As the holiday season approaches, I am always confronted with those who keep on insisting that our traditions are being eroded. Nowhere is this more obvious than when the president of the United States, in addressing the hard-right Values Voter Summit in October, publicly bellowed, “Something I said so much during the last two years, but I’ll say it again: as we approach the end of the year, you know we’re getting near that beautiful Christmas season that people don’t talk about anymore.… They don’t use the word ‘Christmas’ because it’s not politically correct. You go to department stores and they’ll say ‘Happy New Year,’ and they’ll say other things. It’ll be red. They’ll have it painted. Well, guess what? We’re saying ‘Merry Christmas’ again.”
Really? I am not sure where Donald Trump has spent his holiday season, but for me, I cannot remember a time, whether I was here in Canada or in the United States, where I wasn’t wished a “Merry Christmas.” And for me, as for so many others, we would reciprocate the greeting with a warm smile.

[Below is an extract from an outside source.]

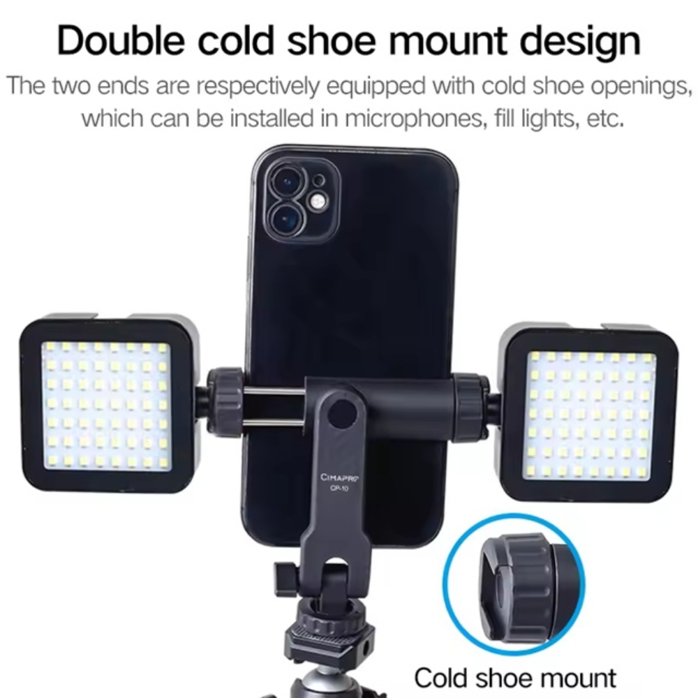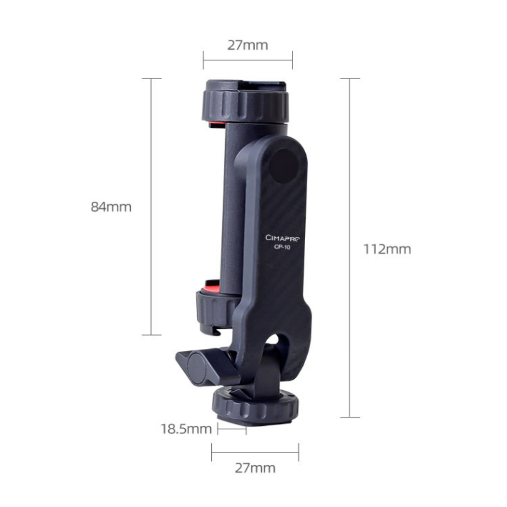 Cimapro CP-10 е универсално и изключително функционално решение за всеки, който снима видео със смартфон. Благодарение на двойните Cold Shoe конектори, 360° ротацията и стабилния регулируем захват (55–90 мм), държачът осигурява свобода, гъвкавост и надеждност при всяка снимачна ситуация.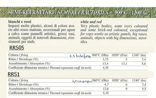 Λευκός πηλός με χονδρό σαμότ 0-1mm, κατάλληλος για ρακού, γλυπτική και επίπεδες επιφάνειες. Το μπισκότο ψήνεται 980-1000°C και γυαλί από 1050-1260°C. Συσκευασία 20kg

Sadly, this all seems part of Trump’s agenda – to make up a story that will play to his base, a story that resonates with those who see conspiracies under every Christmas tree or who believe alien forces of Jews and Muslims are poised to take control of a once-great America.
It also plays into Trump’s legion of critics, those who quite understandably simply detest his narcissistic, immature and dangerous divisiveness. Decent folks understand that today’s America (and Canada, for that matter) is not the country of our parents and grandparents. Nonetheless, we have managed to keep traditions alive while reaching out to the thousands of new immigrants and refugees who bring a rich tradition of their own to our shores. And true, it wasn’t always this way.
READ: WHY NOT MOVE THE U.S. EMBASSY IN CANADA TO TORONTO?
Canada was different when I was growing up. The only holiday at this time of the year that was noted back then was, of course, Christmas. Public school halls were, in fact, decked with boughs of holly. The Christmas play was one in which we all participated. In fact, I remember the time I came home from my Grade 6 class to announce to my horrified parents that I had been chosen to play Joseph in that year’s Christmas assembly.
A number of years ago, I wrote about my most vivid memory of my childhood Christmases growing up in Ottawa:
“In the 1960s, the Jewish-owned Freiman’s department store on downtown Rideau Street was Ottawa’s Christmas winter wonderland. A miniature train began inside the Freiman’s show window, and we were all in awe as it chugged its way through Toyland towards whom else but Santa Claus himself.
“I recall my concern that time I departed the train and decided I too would sit on Santa’s lap. As I approached the white-bearded man, my Jewish heart pumping a mile a minute, I wondered if an electrical bolt would be sent down from the heavens.
“Turns out Santa was none other than Moishe Gorinsky, a Jewish friend of my father’s, moonlighting that year as a department store Claus. It was a sobering experience for a nine-year-old Jewish boy in 1960, to be sure.”
Flash forward 50 years, where in large Jewish areas like Thornhill, Ont., it isn’t at all uncommon to see a Santa (in various shapes, colours and sizes, nevermind faiths) at the Promenade mall sitting on his chair surrounded by spinning dreidels and other Chanukah decorations.
So yes, times have changed. However, despite the dire warnings from Trump, there is no “war on Christmas.” That is truly “fake news.” Indeed, at this time of the year, most of us try to park the dark thoughts of war to embrace and celebrate our country, our people, its diversity and inclusiveness. Therefore, let me wish all CJN readers a blessed holiday season, whatever you choose to celebrate.